Paul Goble
Staunton, Nov. 10 – The Putin regime is seeking to make employers rather than its own bureaucracy responsible for boosting vaccination rates against the coronavirus not so much to deflect blame to others but because its own bureaucracy is incapable of doing so, Anatoly Nesmiyan says. Indeed, the government is now suffering from “administrative collapse.”
Nesmiyan, who blogs under the screen name El Murid, says that “the transfer of a fuction to structures which are completely unrelated is one of the extremely characteristic signs not even of structural shortcomings – an administrative crisis – but of a clear administrative catastrophe” (publizist.ru/blogs/113683/41293/-).
Under Putin, the Russian Federation “has an enormous number of bureaucrats at all levels of administration.

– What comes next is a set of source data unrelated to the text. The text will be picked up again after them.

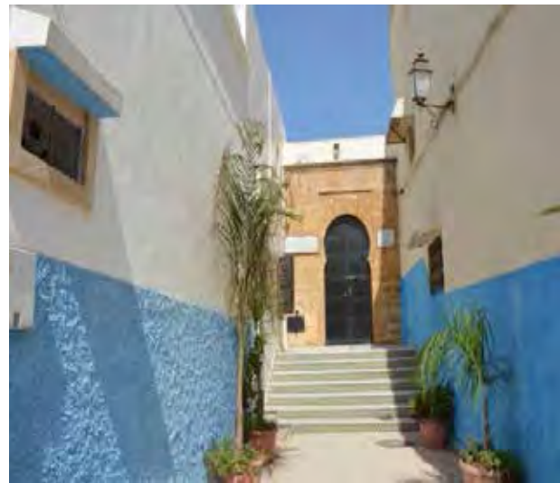
تصویر ۹. تنوع معماری در بافت تاریخی. عکس: سهیل اسکندرزاده، ۱۳۹۵.
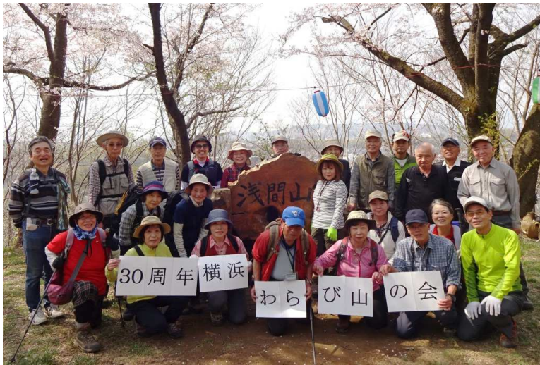
ワインで30周年記念の乾杯セレモニー
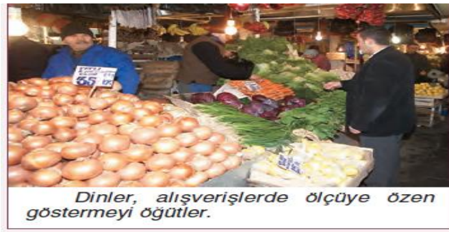
Resim 2. Alışverişle İlgili Resim
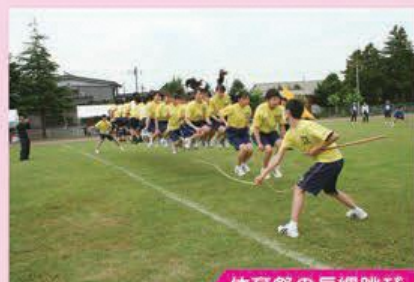
体育祭の長縄跳び

他の学校では行事が中止になることがある中、感染防止対策を徹底し、この状況下でも楽しめる行事を創り上げることができました。
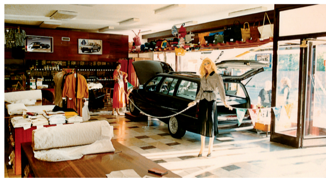
V Domusu Opel začínal.

Zdejší firma rozšířila také sortiment prodávaných vozů – v roce
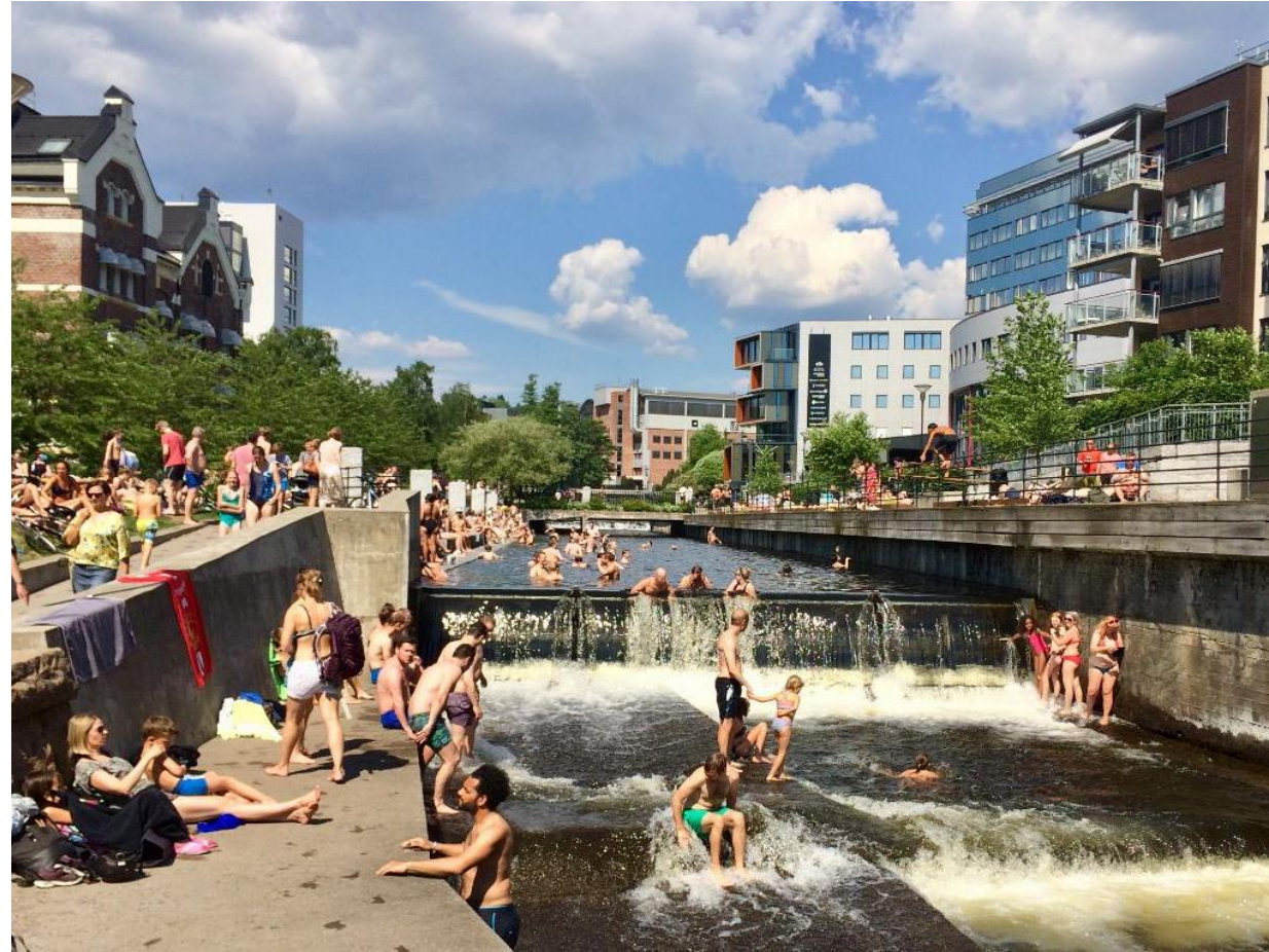
Akerselva i Nydalen
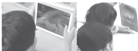
図3 「お正月遊び」活動の様子

(5) 身近な自然を観察したり、季節や地域の行事に関わる活動を行ったりなどして、四季の変化や季節によって生活の様子が変わることに関心し、自分たちの生活を工夫したり楽しくしたりできるようにする。
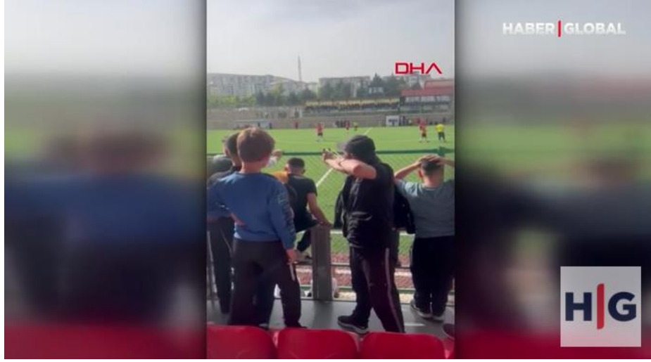
Görsel 4.27: Bir Taraftarın sahadaki futbolcu ve hakeme sapanla taş atarken görüntüsü.

Haber 27: 30 Nisan 2022 tarihinde yayınlanan habere göre; “Elazığ'da, Bölgesel Amatör Lig'de oynanan maçta bir taraftarın yanında getirdiği sapanla, sahadaki futbolcu ve hakemlere taş fırlattığı anlar başka bir taraftar tarafından cep telefonu kamerasıyla kaydedildi” (Haber Global, 2022) (Görsel 28).
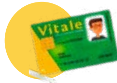
● Votre carte vitale
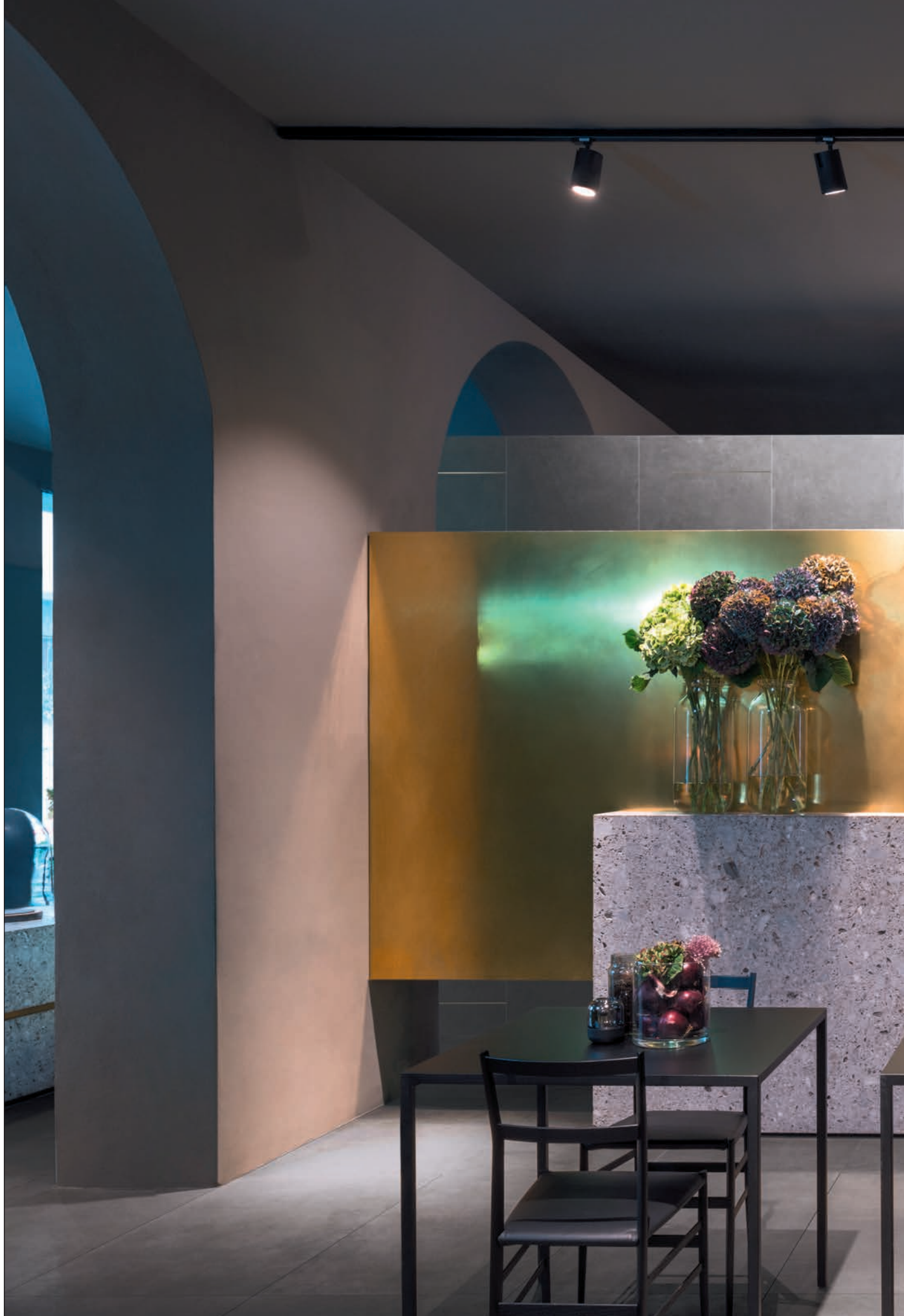
LIVING , pavimento / flooring LINES 1A (cm. 60x120 - 24"x48"), Rivestimento / covering LINES 1B (cm. 60x60 - 24"x24")
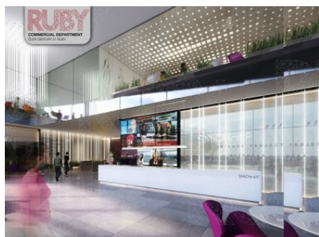
Praha 5 | Kartouzská

This isn’t a result of the good life [employment in the pyramid] provides but because the authorities are attempting to compensate for the fall in the quality of the work of the administrative apparatus by increasing its size.”
But even this “excess” in numbers is insufficient “to solve the tasks” the Kremlin has assigned to the bureaucracy, Nesmiyan says; and Moscow no longer has the capacity to boost the number of officials as the country’s “saturation limit” as far as that is concerned was “reached long ago.”
And it is that situation which lies behind regime’s “decision to delegate vaccination authority to employers,” something that represents “an attempt to expand the bureaucratic apparatus by other means.” But this won’t solve the problem; it will only call more attention to it.
Moreover, El Murid argues, this “administrative collapse” feeds on itself and thus fails ever more frequently. When Moscow has to deal with revaccination or some other challenge, the regime will find that it will have to “look elsewhere” for such management resources. Judging from the situation now, it will be “impossible” for Moscow to “escape this catastrophe.”